- Aug 30, 2014
Multiple historians have slammed the NYT "1619 Project" as others are pushing for it to continue being added into school curriculum.
The “1619 Project” is made up of multiple stories and poems about racism and slavery. It suggests America’s “true founding” was when the first slaves arrived in 1619 and “aims to reframe the country’s history.” Written by journalists and opinion writers, the project has already received criticism from many conservatives.
Historian and Brown University professor Gordon Wood called the project “wrong in so many ways” in an interview with World Socialist Web Site (WSWS) published Thursday.
The “1619 Project” has already been implemented into some public schools around the country, like Chicago, and has lesson plans available for schools to begin teaching its student this reframed history
Wood said no one approached him about the project and that “none of the leading scholars of the whole period from the Revolution to the Civil War” appeared to have been consulted either. Wood continued on to provide evidence that he said negates multiple points made in The NYT’s project.
American Civil War historian and Pulitzer Prize winner James M. McPherson was also interviewed by WSWS on Nov. 14, and he called the project lacking in “context and perspective.” Like Wood, McPherson was never made aware of the project until it came out.
McPherson also countered some of The NYT’s points throughout the project. He, like Wood, said the outlet never approached him. He added that lead writer of the “1619 Project” Nikole Hannah-Jones’s claim that “anti-black racism runs in the very DNA of this country” did not “make much sense” to him.
Historian James Oakes was also interviewed by WSWS on Nov. 18. He said that “their work has prompted some very strong criticism from scholars in the field.” “These are really dangerous tropes,” Oakes said about some of the claims the project makes. “They’re not only ahistorical, they’re actually anti-historical.

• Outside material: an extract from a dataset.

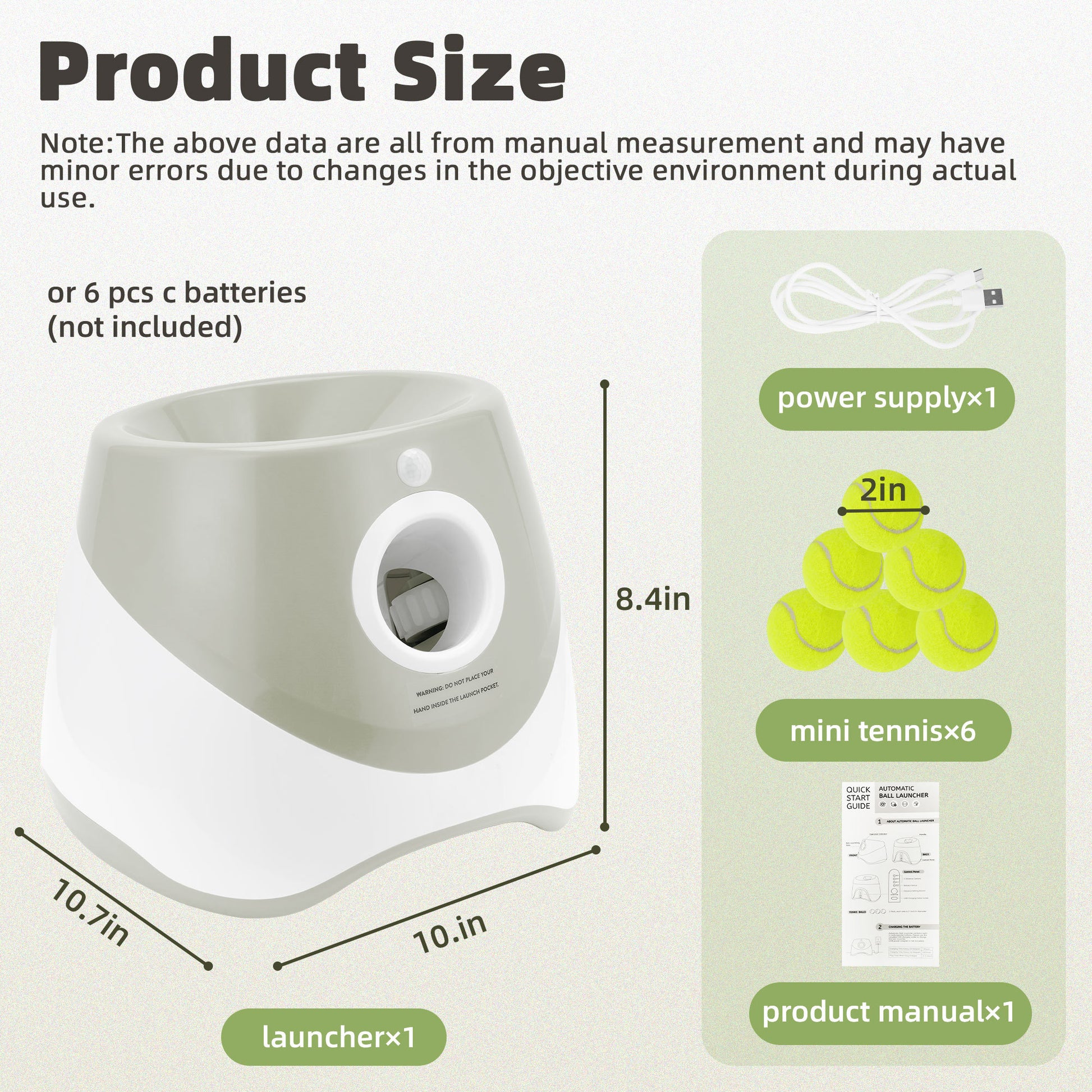 - Specialized Tennis Balls: This dog tennis ball launcher comes with six 2-inch tennis balls designed for small and medium-sized dogs. The tennis balls are chewable, safe and easy to clean. It provides entertainment while keeping your dog safe. Other sizes of tennis balls are not suitable for this product.

The function of those tropes is to deny change over time. It goes back to those analogies.”
Oakes added that some of the project’s assertions are just “ridiculous” and he, too, provides contextual evidence to disprove some of The NYT’s “reframing.”
NYT reporter Ida Bae Wells, who is working on the project, dismissed the historian’s viewpoints of the “1619 Project.” ... “What they are actually doing, without knowing, is demonstrating why this project must exist.”